Вот до чего я занят. Начал это письмо в пятни­цу утром и до понедельника не мог урвать для не­го часа. А ты говоришь «приезжай в Ялту». 23-го я на четыре дня удеру к Черниговской, только что­бы выспаться.

Итак, продолжаю. Я переспросил публику: «Разрешите послать телеграмму?» На это разда­лись шумные аплодисменты и «да», «да». После 4-го акта овации возобновились. Все газеты ты, ве­роятно, нашел. Пока —лучшая реакция в «Мо­сковской немецкой газете», которую я тебе вышлю, и сегодня неглупая статья в «Курьере»— дневник нервного человека, «Русс, вед.», конечно, заерун-дили. Бедный Игнатов, он везде теряется, раз пье­са чуть-чуть выше шаблона.

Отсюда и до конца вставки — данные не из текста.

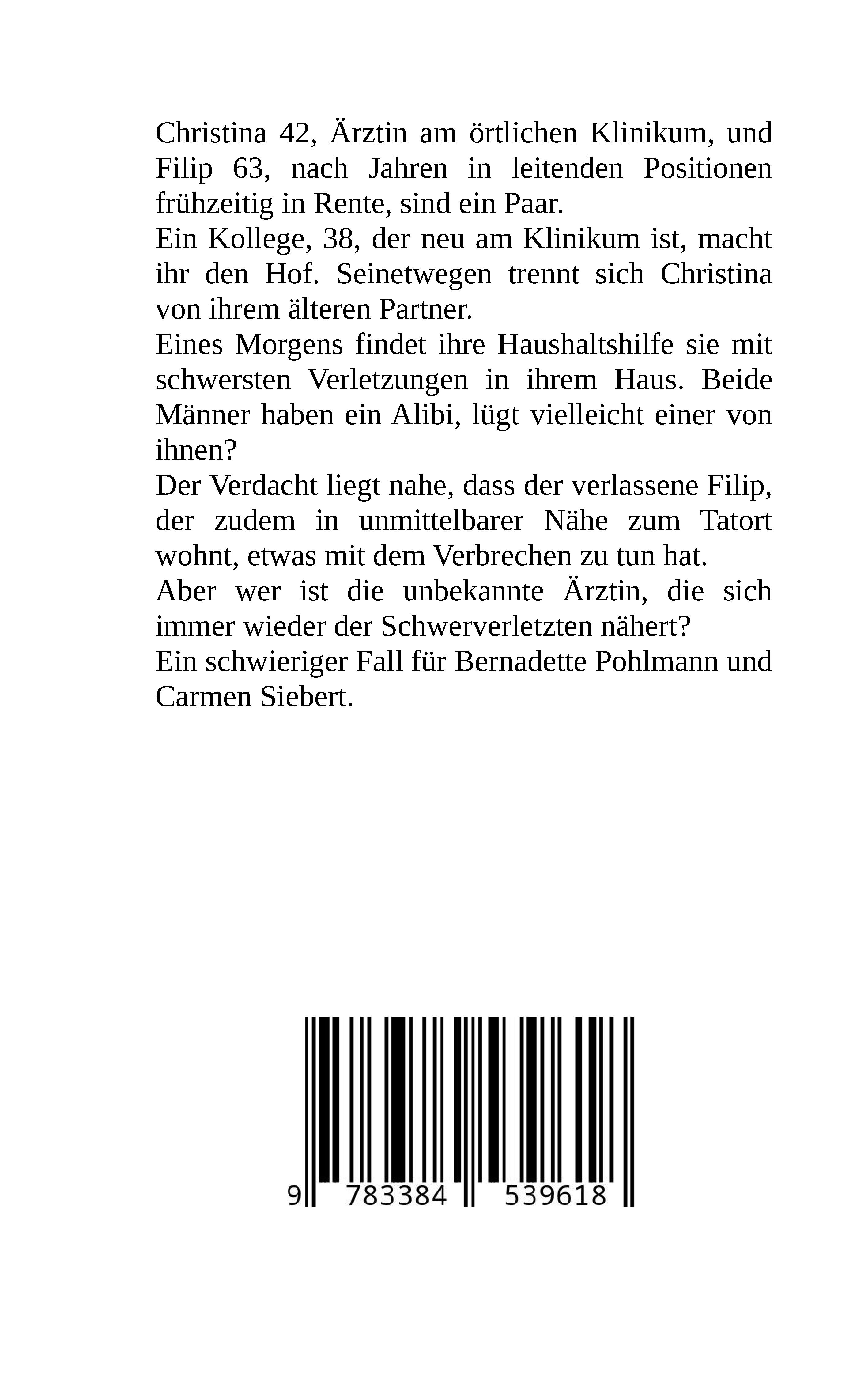 Im sechsten Fall der autistischen Kriminalhauptkommissarin Carmen Siebert geht es um ein Paar, das einen Altersunterschied von zwanzig Jahren hat. Die Partnerin ist Ärztin und verliebt sich in einen fast gleichaltrigen Kollegen. Für diesen verlässt sie ihren älteren Partner. Der Kollege ist aber nur an Sex interessiert und macht sich im Klinikum an viele Frauen heran. Nach der Trennung von ihm wird die Ärztin von ihrer Haushälterin schwer verletzt aufgefunden. Ein kniffliger Fall für das Team um Bernadette Pohlmann und Carmen Siebert.
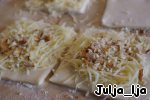 Теперь тесто разрезали на 4 квадрата. 3 из них посыпали сыром и миндалём.
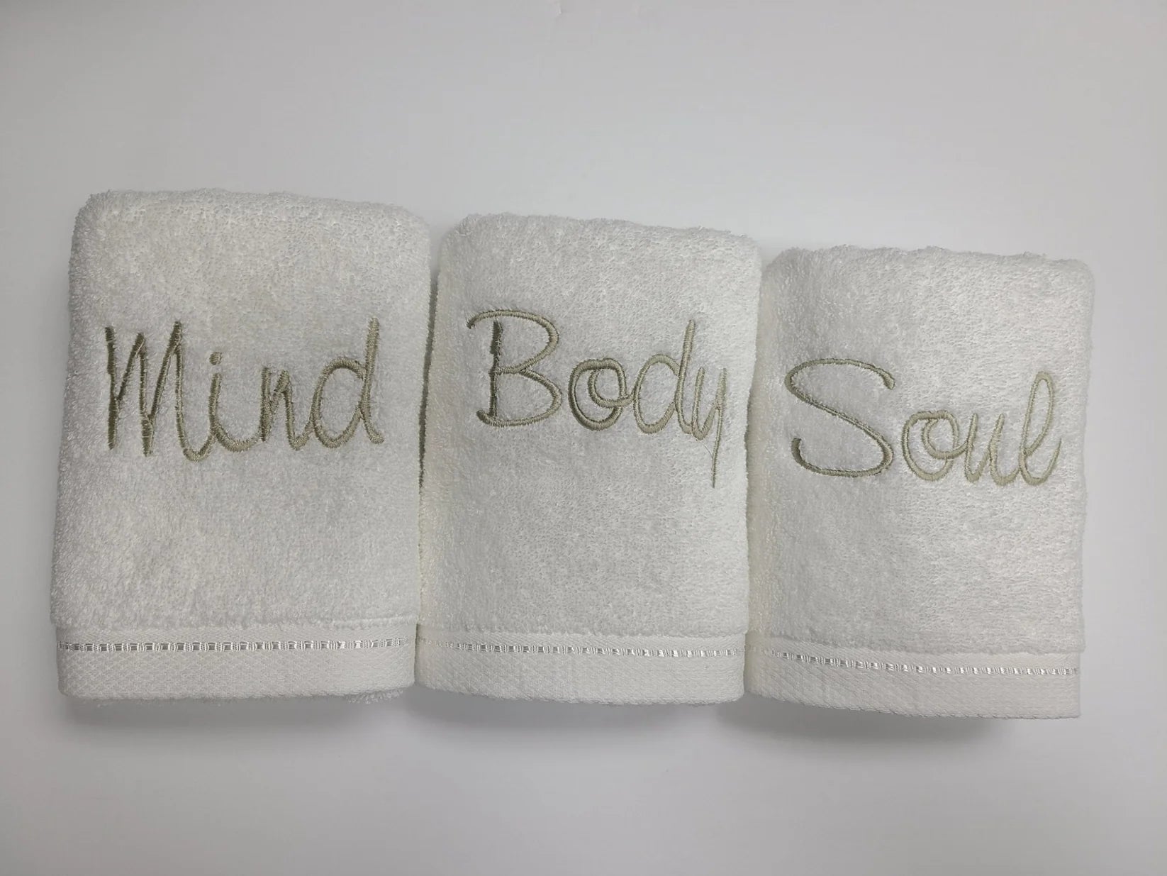 Mind Body Soul Embroidered Hand Towel Set of 3
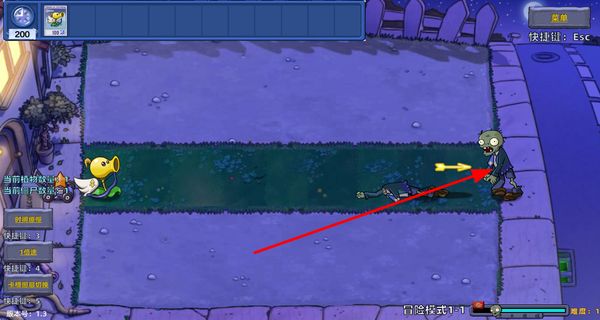 3、依靠布置的植物持續(xù)攻擊僵尸,射出光箭擊敗靠近的僵尸,同時觀察僵尸的移動情況,及時調(diào)整植物布局思路。

Играли мы... В таком порядке: Книппер — уди­вительная, идеальная Аркадина. До того сжилась с ролью, что от нее не оторвешь ни ее актерской элегантности обворожительной пошлячки, скупо­сти, ревности и т. д. Обе сцены 3-го действия — с Треплевым и Тригориным, в особенности первая — имели наибольший успех в пьесе, А заканчивались необыкновенно поставленной сценой отъезда (без лишних людей). За Книппер следует Алексеева —

Маша. Чудесный образ. И характерный, и необык­новенно трогательный. Они имели огромный успех. Потом Лужский—Сорин. Играл, как очень круп­ный артист. Дальше Мейерхольд. Был мягок, тро­гателен и несомненный дегенерат. Затем Алексеев, Схватил удачно мягкий, безвольный тон. Отлично, чудесно говорил монологи 2-го действия. В третьем был слащав. Слабее была Роксанова, которую сбил с толку Алексеев, заставляя играть какую-то ду­рочку. Я рассердился и потребовал возвращения к первому, лирическому тону. Она, бедная, и запута­лась. Вишневский еще не совсем сжился с мяг­ким, умным, наблюдательным и все переживавшим Дорном, но был очень удачно гримирован (вроде Алексея Толстого) и превосходно кончил пьесу. Остальные поддерживали стройный ансамбль. Об­щий тон покойный и чрезвычайно литературный.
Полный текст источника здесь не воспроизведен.